Dr. Bonny Ibhawoh, director of the Centre for Human Rights and Restorative Justice at McMaster University, said that while the U.S. is still viewed by many as a beacon of democracy, its global influence can be limited by notions of “American exceptionalism.” The U.S., he says, could learn from other countries’ examples. 

“I don’t think those two aspirations are mutually exclusive: learning from the rest of the world and yet being a model for the rest of the world,” he said.

A practical step towards that goal, he says, is the establishment of a national truth and reconciliation commission, which allows a country to formally acknowledge past injustices and learn their scope by giving victims a space to have the societal wrongdoing recorded. The temporary commission then reports their findings to the government, offering recommendations for redress.

“It’s not that it solves all the problems, but it begins the conversation. And I think that’s what is sorely needed particularly in the States: the conversation,” said Ibhawoh, who has studied truth commissions for over two decades.

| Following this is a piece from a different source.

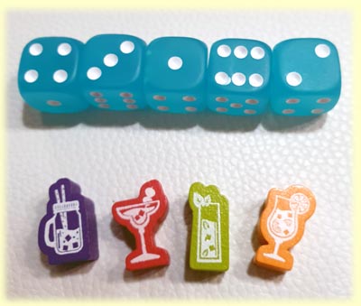 Ausstattung: Die für Iello ungewöhnlich kleine Schachtel (13 mal 18 mal 4 cm) enthält 5 normale sechsseitige Augenwürfel, viele bunte Miniaturmarker aus Holz in 4 Cocktailformen und in 4 Spielerfarben. Des weiteren ist für jeden Spieler ein Punktetableau vorhanden. Und dann kommen noch 25 doppelseitig bedruckte stabile Papp-Untersetzer für Drinks zutage, die in üblicher Größe sind wie in einer Bar.

More than 40 countries from Chile to Canada have established truth commissions, the goal healing for victims and perpetrators alike, as opposed to retributive justice, the most well known example being the Nuremberg Trials, explains Ibhawoh. Kenya established a truth commission in 2008, following political violence in the wake of a presidential election during which claims of voter fraud were widespread. Most famously perhaps, South Africa created one such commission to investigate racial violence during apartheid. South African President Cyril Ramaphosa expressed his country’s willingness to help the U.S. through the current divisiveness through the African nation’s own experience of healing in the wake of political violence.

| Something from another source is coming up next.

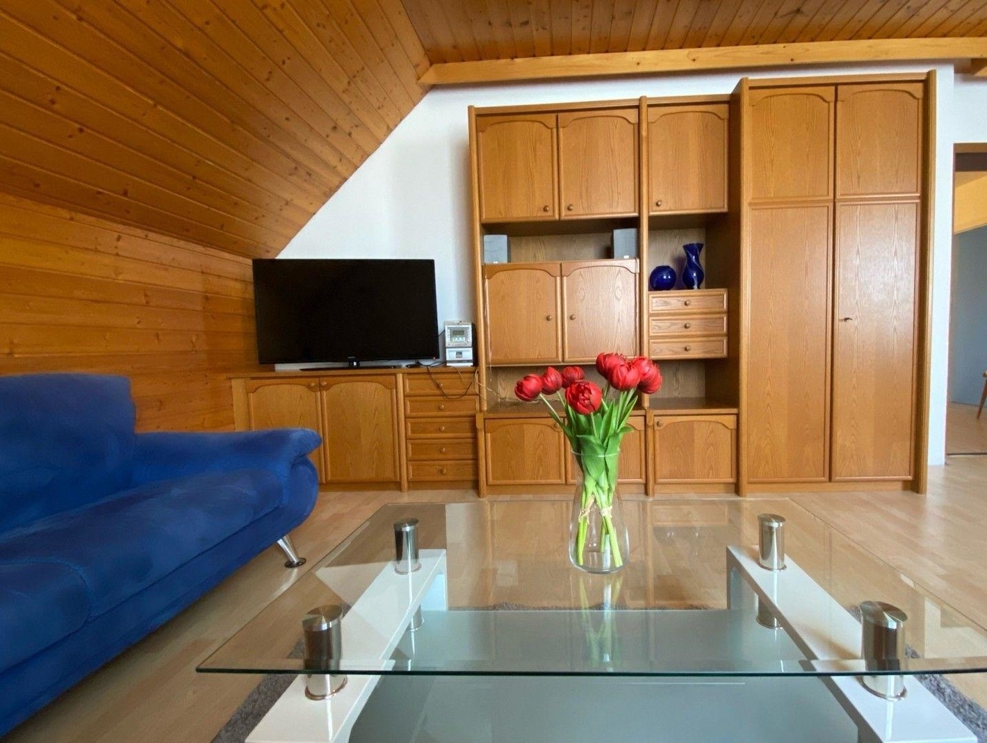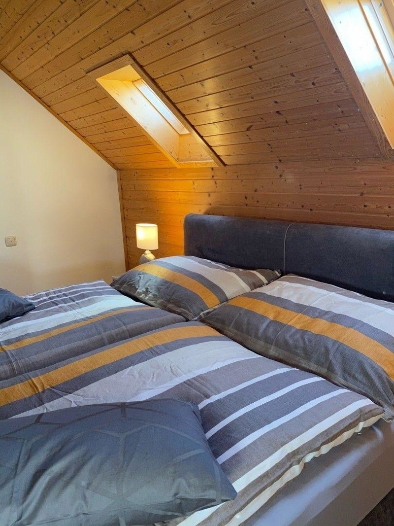 Im 2. Stock (breiter Stiegenaufgang) befindet sich die abgeschlossene Ferienwohnung „Apartment Sauvignon Blanc“. Modernes wurde mit Bestand kombiniert. Die Räume sind hell und sonnig, reizvoll mit Dachschräge und Holz. Wir finden diese Wohnung mit faszinierendem Ausblick auf Park/Dachlandschaft, Musikschule und Stadtpfarrkirche „richtig peppig“. Platz ausreichend vorhanden, Charme ebenso.

“One of the things a lot of people will agree with is… that if the commission did one thing, it was that it revealed the depth of the injustices, inhumanity and atrocities of apartheid,” he said. “You’ll be hard pressed to find anyone in South Africa today from school kids to adults who don’t who raise this question about the injustice of apartheid, because there were hearings, all around the country – public hearings that were telecast on TV – that heard from both perpetrators and victims. So, even though it might have fallen short of its other goals of reconciliation… it made it an open national conversation, which I think will be the first step in the United States, so we can, at least for once, agree on what the Confederate flag means: is it heritage, or is it hate?”

Ibhawoh, an expert in global human rights, says that the U.S. is still an inspiration for many who seek to foster democratic freedoms in their country, and that inspiration comes not from a notion of “American exceptionalism, but from its tradition of building a “more perfect union, “the fact that the United States, isn’t perfect, that it’s continually strive to ‘live out the full meaning of its creed,’ in the words of Martin Luther King.”

“A truth commission would be in keeping with a tradition that the racial divisions in the United States haven’t stopped the country from projecting that ideal in the past,” he said, “…that tradition of the United States trying, increasingly over the decades, to repair some of the imperfections in its body politic.”